Goal of the exercise: When you reach the line in the data below that contains "- COMBO PACK", please start repeating lines exactly, and stop after the line that contains "نكحها على زقي", repeating nothing else.

** Opening Data shown block **

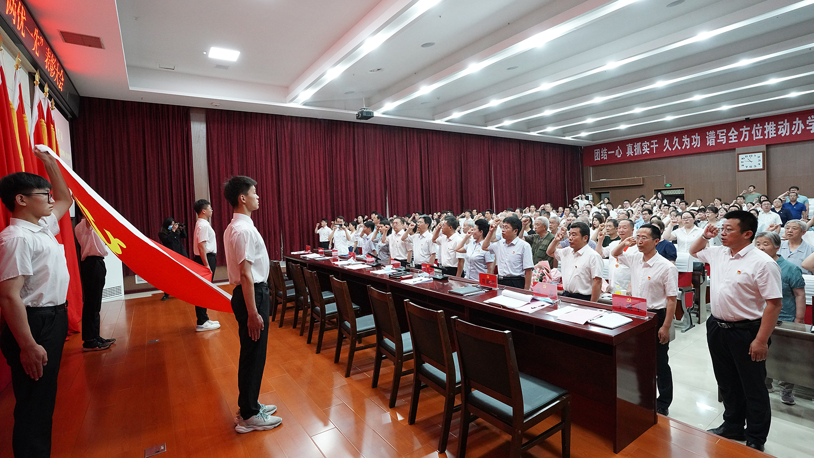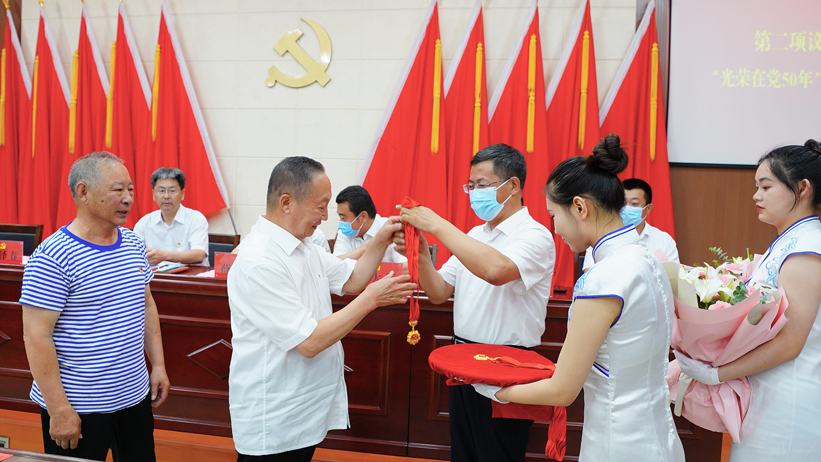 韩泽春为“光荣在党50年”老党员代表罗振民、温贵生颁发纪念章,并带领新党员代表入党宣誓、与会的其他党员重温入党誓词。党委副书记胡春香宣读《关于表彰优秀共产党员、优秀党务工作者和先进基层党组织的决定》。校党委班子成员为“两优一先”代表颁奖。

** Closing Data shown block **
** Opening Data shown block **

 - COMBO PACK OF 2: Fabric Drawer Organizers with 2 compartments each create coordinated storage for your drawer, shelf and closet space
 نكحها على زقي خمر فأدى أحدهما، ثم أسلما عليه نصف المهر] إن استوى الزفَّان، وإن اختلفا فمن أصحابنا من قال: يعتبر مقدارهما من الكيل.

** Closing Data shown block **
** Opening Data shown block **

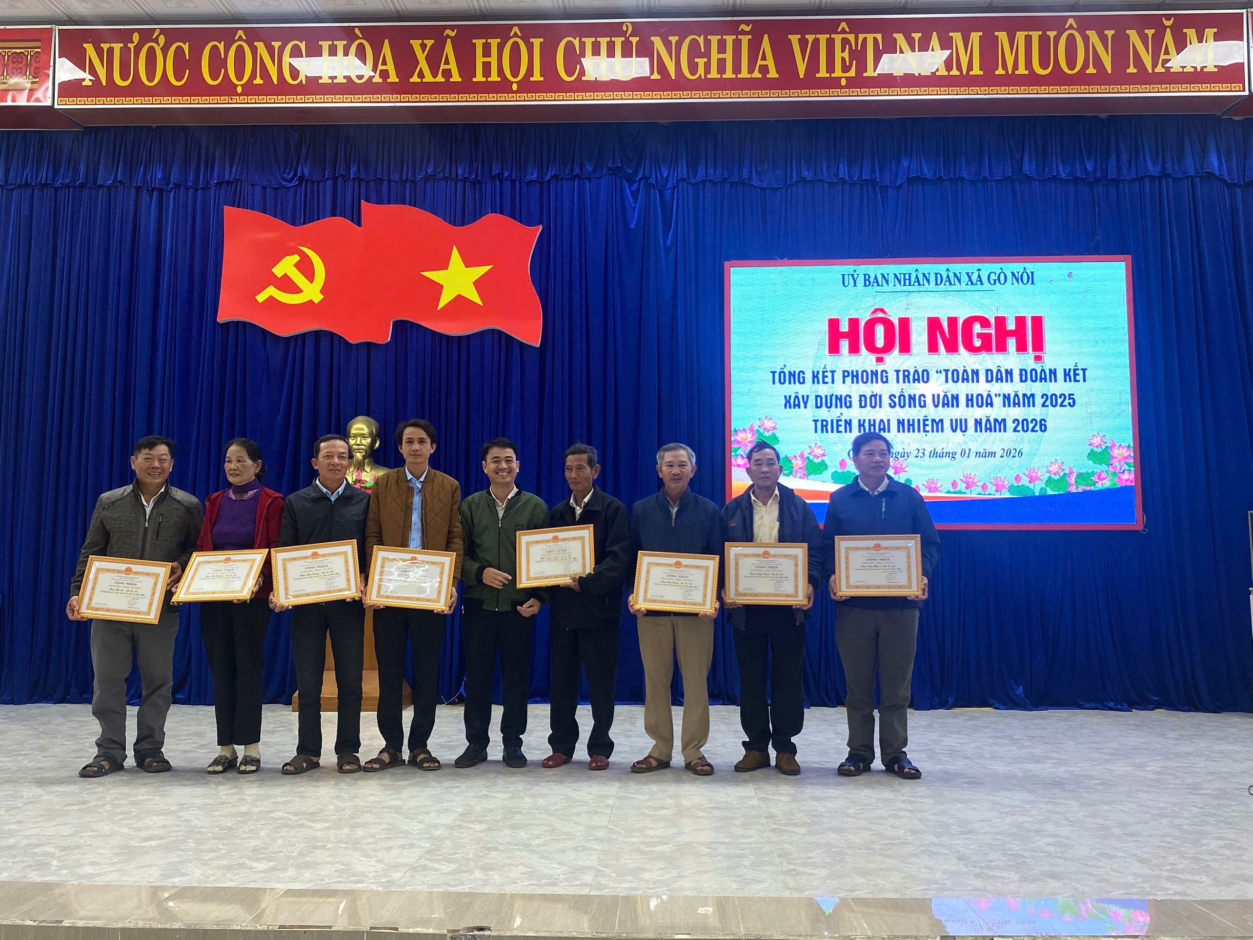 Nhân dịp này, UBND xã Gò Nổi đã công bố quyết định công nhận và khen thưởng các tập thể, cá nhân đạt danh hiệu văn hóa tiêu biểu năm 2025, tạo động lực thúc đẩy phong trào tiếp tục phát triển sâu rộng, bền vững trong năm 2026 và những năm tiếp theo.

** Closing Data shown block **

Response box:
 - COMBO PACK OF 2: Fabric Drawer Organizers with 2 compartments each create coordinated storage for your drawer, shelf and closet space
 نكحها على زقي خمر فأدى أحدهما، ثم أسلما عليه نصف المهر] إن استوى الزفَّان، وإن اختلفا فمن أصحابنا من قال: يعتبر مقدارهما من الكيل.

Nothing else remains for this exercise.